Chidi é o tipo de personagem que, em séries anteriores, atraiam piadas com mais frequência. Em vez disso, ele é um protagonista romântico (par de Kristen Bell) de uma das séries mais populares da atualidade. Harper disse que Chidi é ele “usando esteróides”. Quando perguntado, Harper se descreve como um nerd, que gosta de jogos de tabuleiro e indie rock. Nenhuma dessas coisas necessariamente o baniria da mesa das crianças “legais” da escola. Mas, se você era um jovem negro que gostava de coisas que não eram identificadas com a negritude, acabava confinado a uma pequena caixa na mente dos outros.

— Definitivamente, entendi a coisa toda sobre Carlton — comenta Harper, referindo-se a Carlton Banks, o primo desajeitado de Will Smith em “The Fresh Prince of Bel Air” (“Um maluco no pedaço”, no Brasil), interpretado por Alfonso Ribeiro. “Eu gostava de muitas coisas que muitas crianças brancas gostavam. Isso certamente não mudou desde que fiquei mais velho, acho que agora estou menos consciente disso”.

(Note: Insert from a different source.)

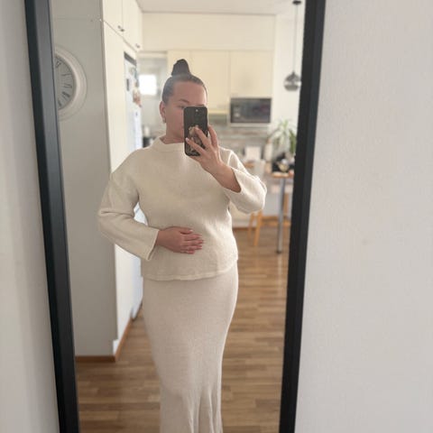 Beige neule, jossa pidempi kangasosa. Koristeellinen selkä. Koko M/L

Cena da série 'The Good Place'
William Jackson Harper entre Kristen Bell e Ted Danson em cena de ‘The good place’ Foto: Colleen Hayes/NBC

Os nerds na imaginação coletiva tendem a ser codificados como brancos. O que não significa Alfonso Ribeiro ou Jaleel White (que interpretou Steve Urkel na série “Family Matters”). Mas um bom trabalho foi feito nas últimas décadas para complexificar o que significa ser negro na mídia. Somente nos últimos 10 anos, explodiram idéias sobre o que é possível para os homens negros na tela, a exemplo de Sam Richardson como Richard Splett em “Veep” ou o Earn de Donald Glover em “Atlanta”.

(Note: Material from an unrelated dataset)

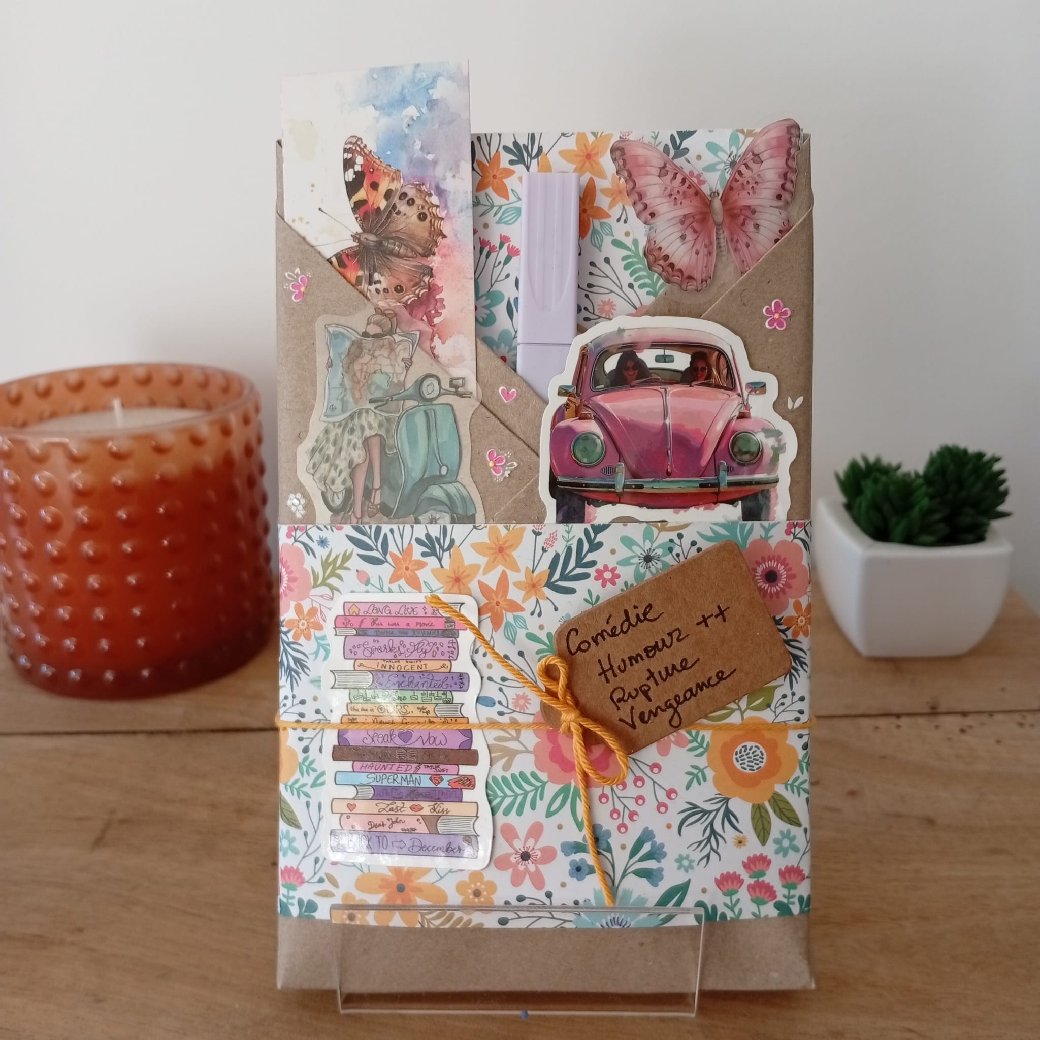 Box mystère : Un livre mystère format poche, son marque-page et ses accessoires livresques (stylo, crayon, surligneur, stickers, onglets adhésifs, carte… Variable selon la box)

Todos esses personagens falam de uma noção mais ampla de masculinidade negra aceitável no mainstream. Chidi Anagonye está na vanguarda dessa mudança. Megan Amram, autora e produtora da série diz que ele representa algo que o público pode não ter visto antes:

— “The Good Place” foi escrito para capturar as experiências de pessoas em todo o mundo. Com Chidi, que é nigeriano-senegalês, os espectadores assistem a um homem africano que é doce, divertido, engraçado e sedutor, além de neurótico, informado e assustado o tempo todo.É por isso que as pessoas respondem tão bem a ele.

Personagem complexo

Justin Simien, o criador da série Netflix “Dear white people”, disse que ama Chidi porque ele é complexo:

— Ele fica bravo, tem falhas, é muito inteligente, mas isso pode ser um problema. Ele é mais humano do que os nerds negros do passado puderam ser. Acho que as crianças que estão assistindo essas coisas agora talvez possam ter um pouco mais de confiança.

Para Harper, a existência de Chidi é como um conto de “advertência”, uma vez que ele morreu porque estava indeciso demais para encontrar um lugar para tomar uma bebida. Se “The Good Place”, em síntese, trata de descobrir como ser uma pessoa melhor, o ator acha que devemos nos esforçar para ser melhor que Chidi.

— Espero que as pessoas vejam Chidi em si mesmas e depois procurem melhorar as coisas que prenderam Chidi e também as prenderam comenta o ator — diz Harper. — Me sinto menos só sabendo que as pessoas também têm esse tipo de sentimentos, pensamentos, emoções. Saber que você não é o único, é ótimo.